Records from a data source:

○ ○ ○

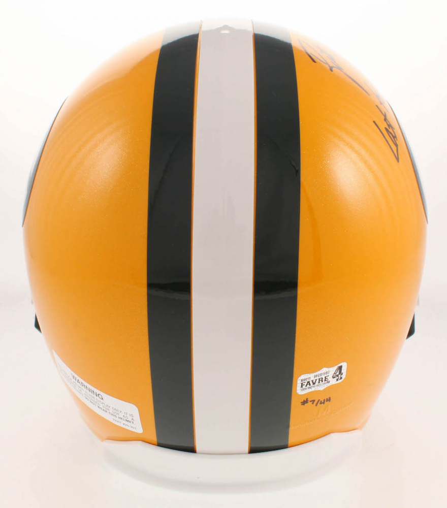 Riddell Green Bay Packers full-size replica helmet. Has been hand-signed and inscribed in black felt-tip pen by Brett Favre (HOF). Limited edition hand numbered #27 / 44. Please note, you are bidding on the edition number in the title. The images shown are stock images from the same edition run.
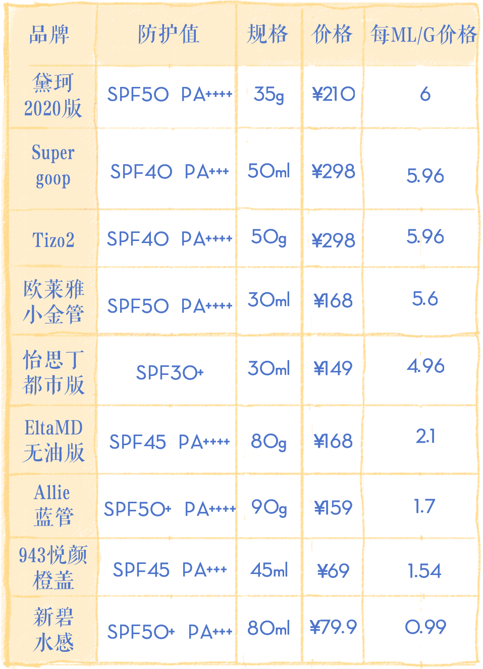 為了讓大家對(duì)各款防曬有個(gè)基本了解,看看各款防曬的出生條件吧。本來(lái)打算是按照價(jià)格由高至低排序的,但是我們不能光看價(jià)格,也得看規(guī)格呀是不是。
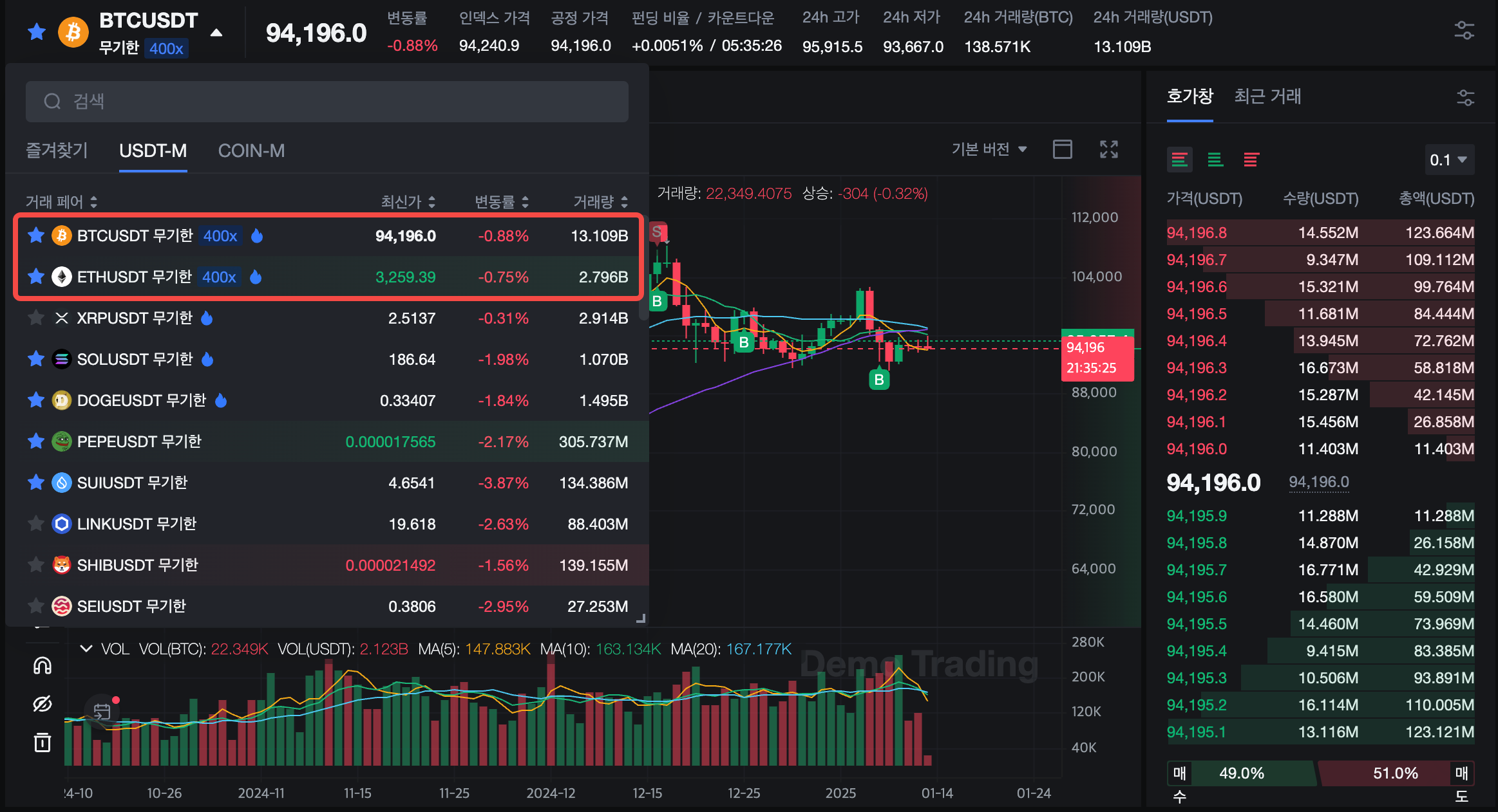 2단계: 400배 레버리지를 지원하는 선물 페어를 선택합니다. 현재 지원되는 페어는 BTCUSDT와 ETHUSDT입니다.
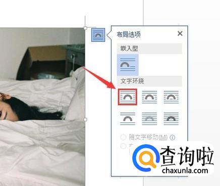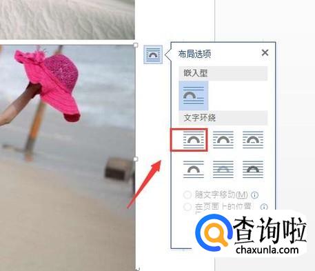 使用word将我们的文件打开,然后选择图片在图片的右上角找到布局选项,如图所示:
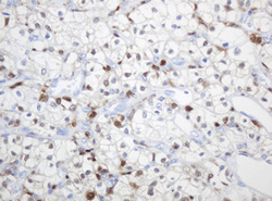 - IHC of paraffin-embedded Carcinoma of Human kidney tissue using anti-TYMP mouse monoclonal antibody. (Heat-induced epitope retrieval by 10mM citric buffer, pH6.0, 120°C for 3min).
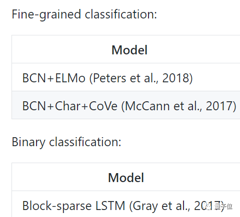 当然,情绪的二分类 (Binary Classification) ,以及细粒度分类 (Fine-Grained Classification) ,作为两种问题,列表也是分开的。

○ ○ ○

_Prompt:_ Go to the line that contains "- IHC of paraffin-embedded" and copy it and every line after it through the end of the entries, exactly, without the pictures.

_Answer to this exercise:_
 - IHC of paraffin-embedded Carcinoma of Human kidney tissue using anti-TYMP mouse monoclonal antibody. (Heat-induced epitope retrieval by 10mM citric buffer, pH6.0, 120°C for 3min).
 当然,情绪的二分类 (Binary Classification) ,以及细粒度分类 (Fine-Grained Classification) ,作为两种问题,列表也是分开的。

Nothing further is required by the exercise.